The aim of the activity was to simulate optical phenomena and test algorithms in imaging systems with the use of synthetic images (which are computer-generated images).
There were several materials most commonly used for simulating optical phenomena like apertures and gratings. In this activity, we were asked to create synthetic images of the following structures or materials:
----- centered circular aperture
----- centered square aperture
----- sinusoid along the x-direction (corrugated roof)
----- annulus
----- circular aperture with graded transparency (gaussian transparency)
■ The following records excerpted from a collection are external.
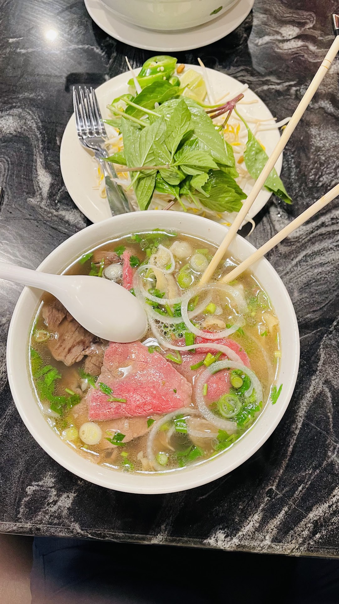 I would not come back to such a place for the most important reason, the Pho broth felt diluted and under seasoned. This huge restaurant is like a giant cafeteria with servers who quickly pick up the premade/assembled foods. Though you are served fast, itâs unfortunate, however, that the food just has a conventional feel. One goes for pho because they know how much time a good beef broth takes to make at home. This broth could have been made at home using beef bouillon and some vegetable stock (and probably better I may add).
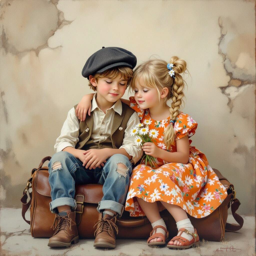This image shows two children resting on an old suitcase, bathed in soft light. The boy wears a beret and vintage clothes, while the girl is in an orange floral dress holding chamomile flowers, in a nostalgic mixed media style.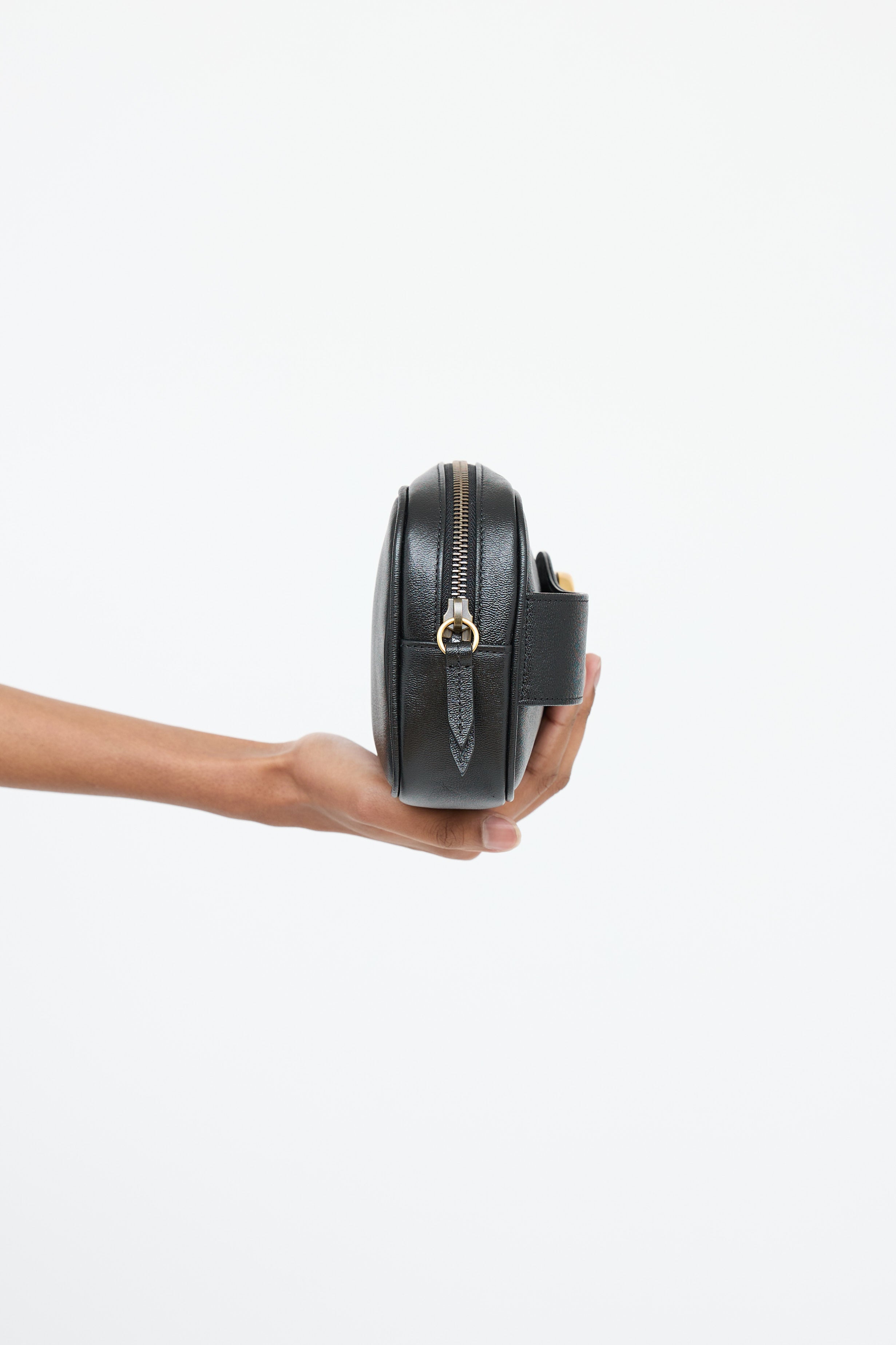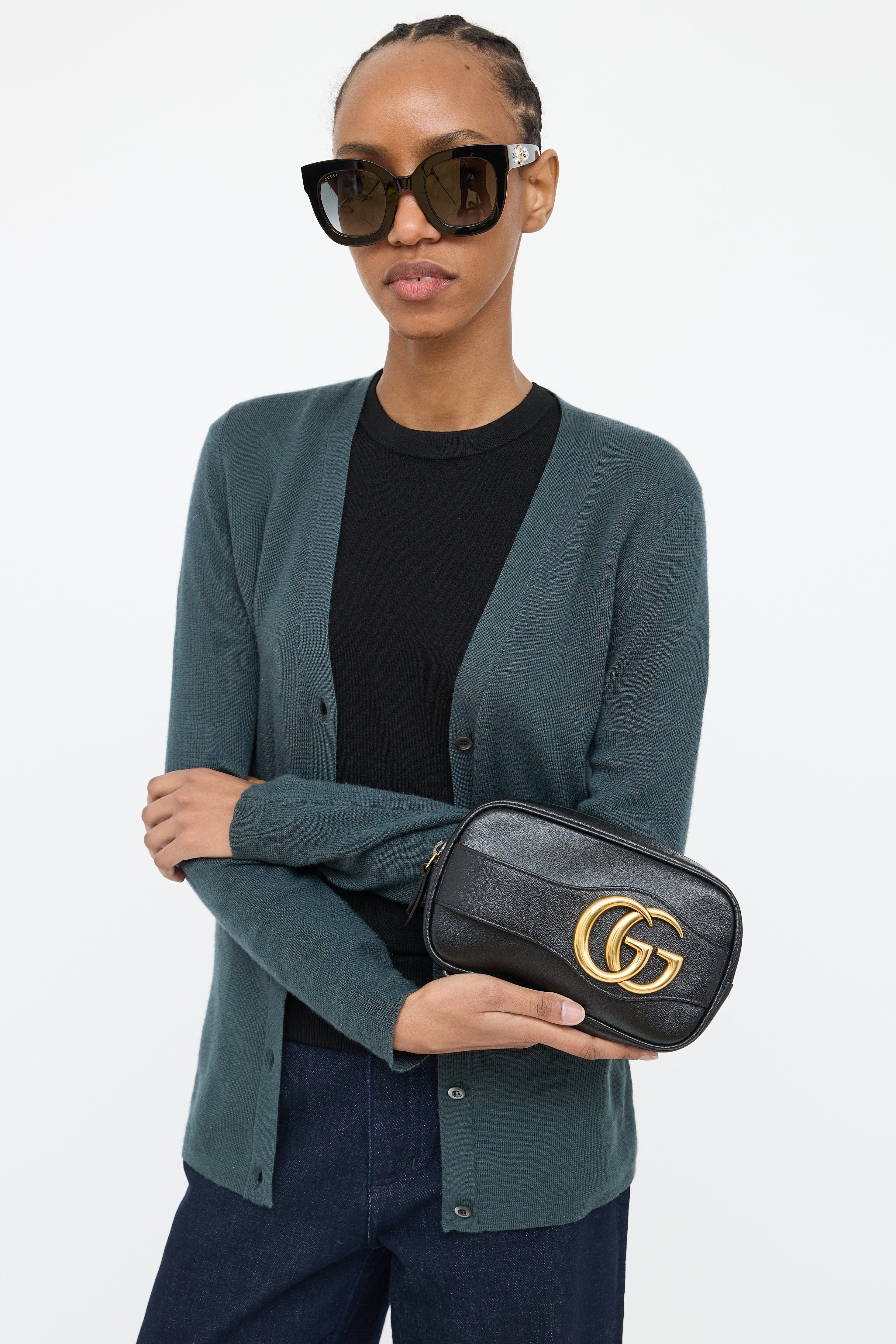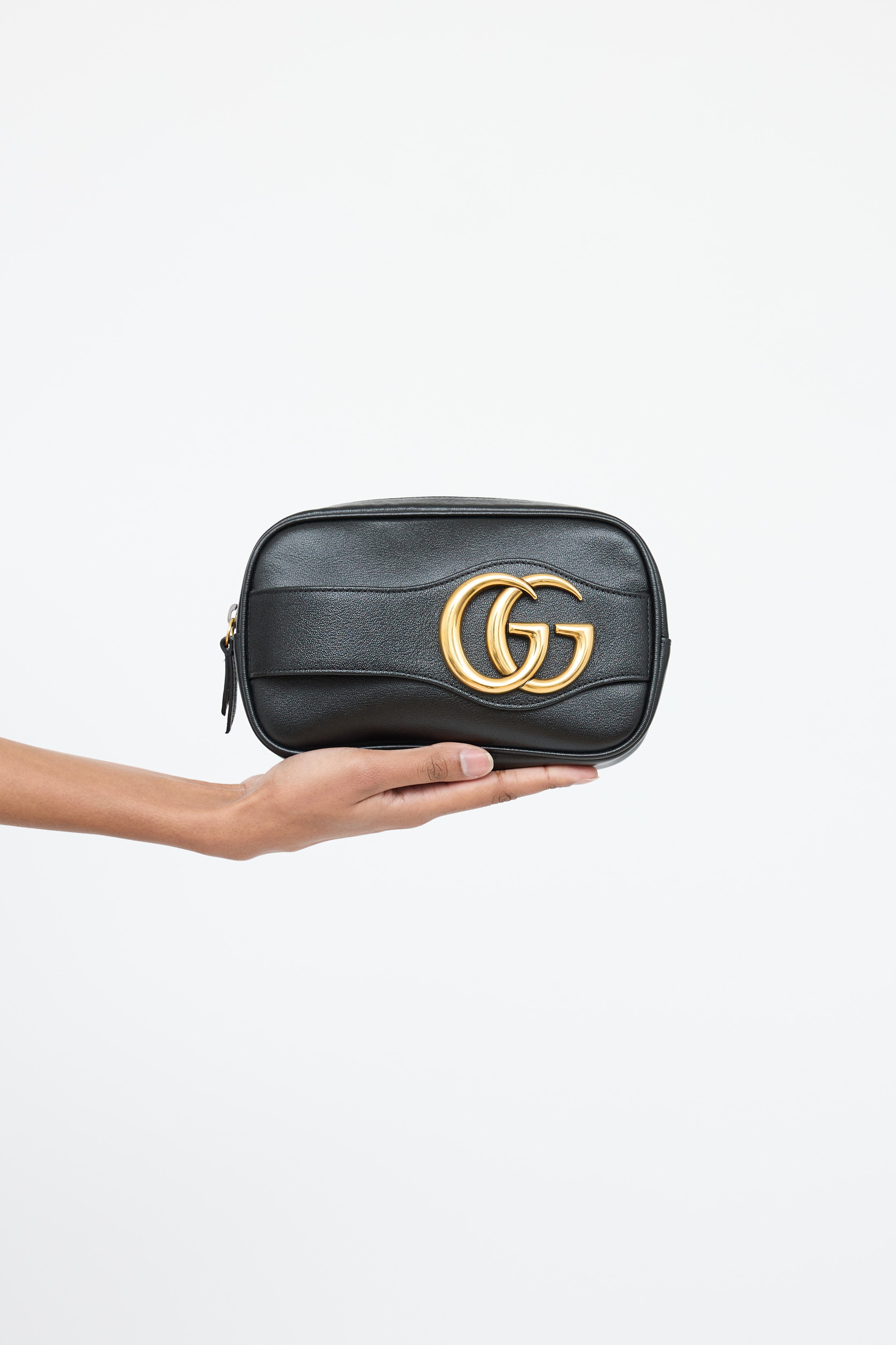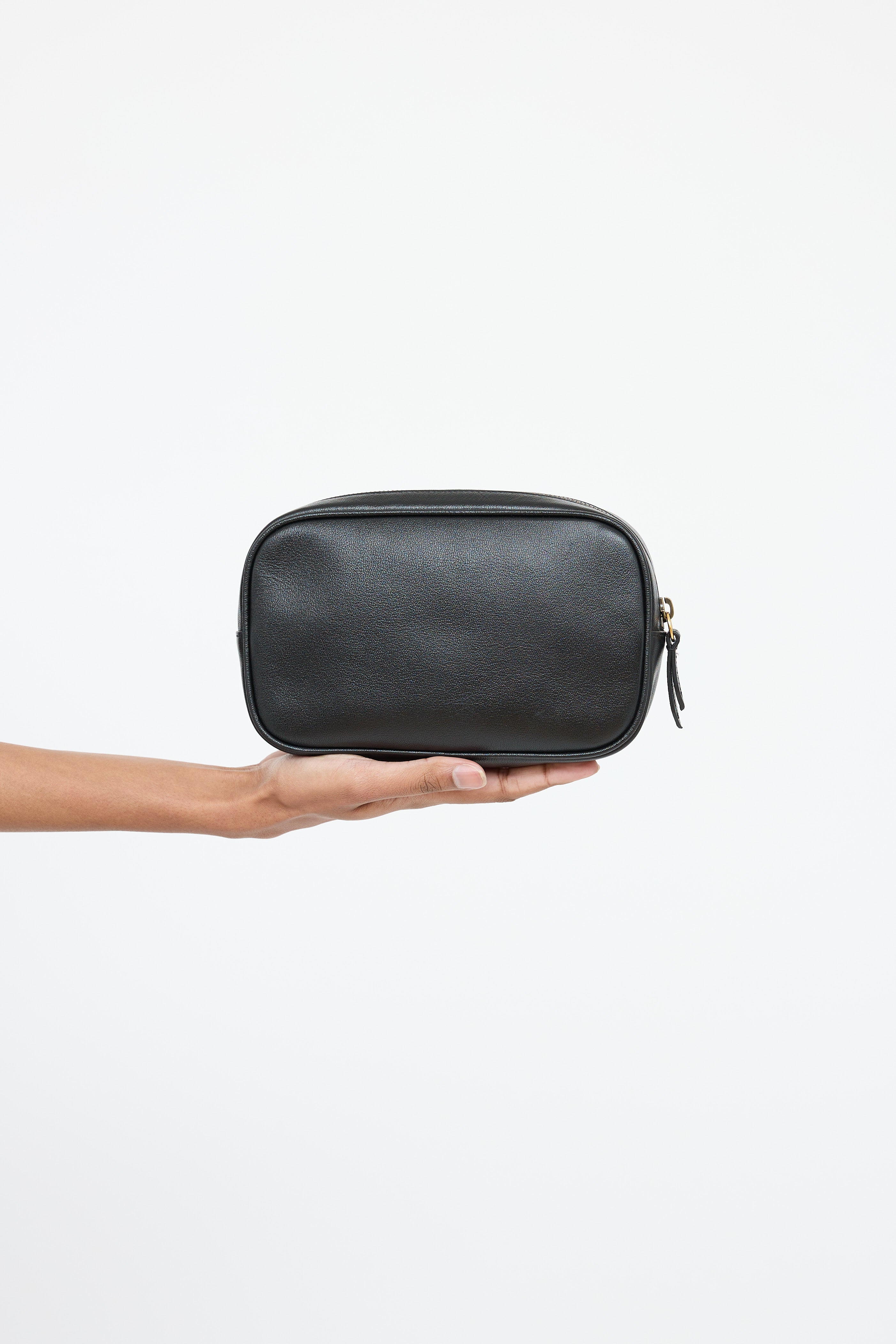 Pre-owned Gucci black Marmont Dhalia leather clutch featuring a strap at front with gold tone GG logo hardware, one main compartment with two slip pockets, and top zip closure.

So from the initial code provided for the centered circular aperture, I tweeked it to create the rest of the synthetic images.
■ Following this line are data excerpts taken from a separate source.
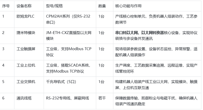 核心控制单元:欧姆龙CPM2AH PLC,仅配备1路RS-232串口,负责机器人组装动作逻辑控制、电池组装参数管控及设备故障报警,通讯协议支持欧姆龙Host Link协议及Modbus RTU协议。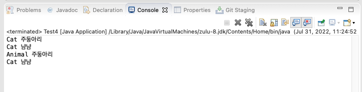 보면 멤버변수는 각자 자기자신을 가져오고, 메서드는 오버라이딩이 돼서 Cat 것을 사용합니다.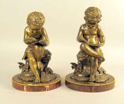 Pair of bronze figures of children, medium brown patina, modeled as a child reading and a child writing, raised on oval rouge marble bases, signed 'Falconet'. (2).
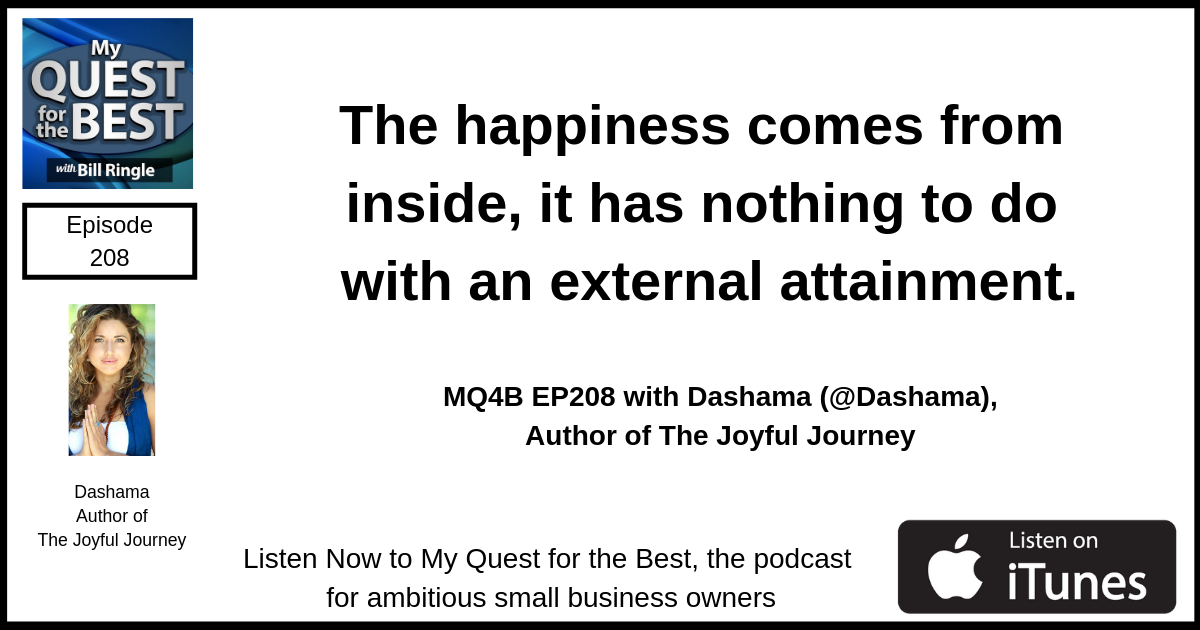 The happiness comes from inside, it has nothing to do with external attainment.[pullquote align=”normal” cite=”Dashama, on My Quest for the Best”]The happiness comes from inside, it has nothing to do with external attainment.[/pullquote]Listen on iTunes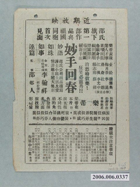 本件保存良好,雙面彩色印刷,為獨戰三虎電影本事。

Centered Circular Aperture
The first image is the centered circular aperture. By changing specific parameters, we can create a specific size of image, with a specific diameter for the aperture. The code for this is...
//circular aperture
nx = 200; ny=200; //# of elements (x and y)
d = 0.4; //parameter for circle
x = linspace(-1,1,nx); //defines the range
y = linspace(-1,1,ny);
[X,Y] = ndgrid(x,y); //creates two 2D arrays
r = sqrt(X.^2 + Y.^2); //element-by-element sum of squares
A = zeros(nx,ny); //zero-valued nx-by-ny array
A(find(r<d)) = 1; //sets circular aperture
imshow(A);
imwrite(A, 'circular_aperture.jpg');
//circular aperture
nx = 200; ny=200; //# of elements (x and y)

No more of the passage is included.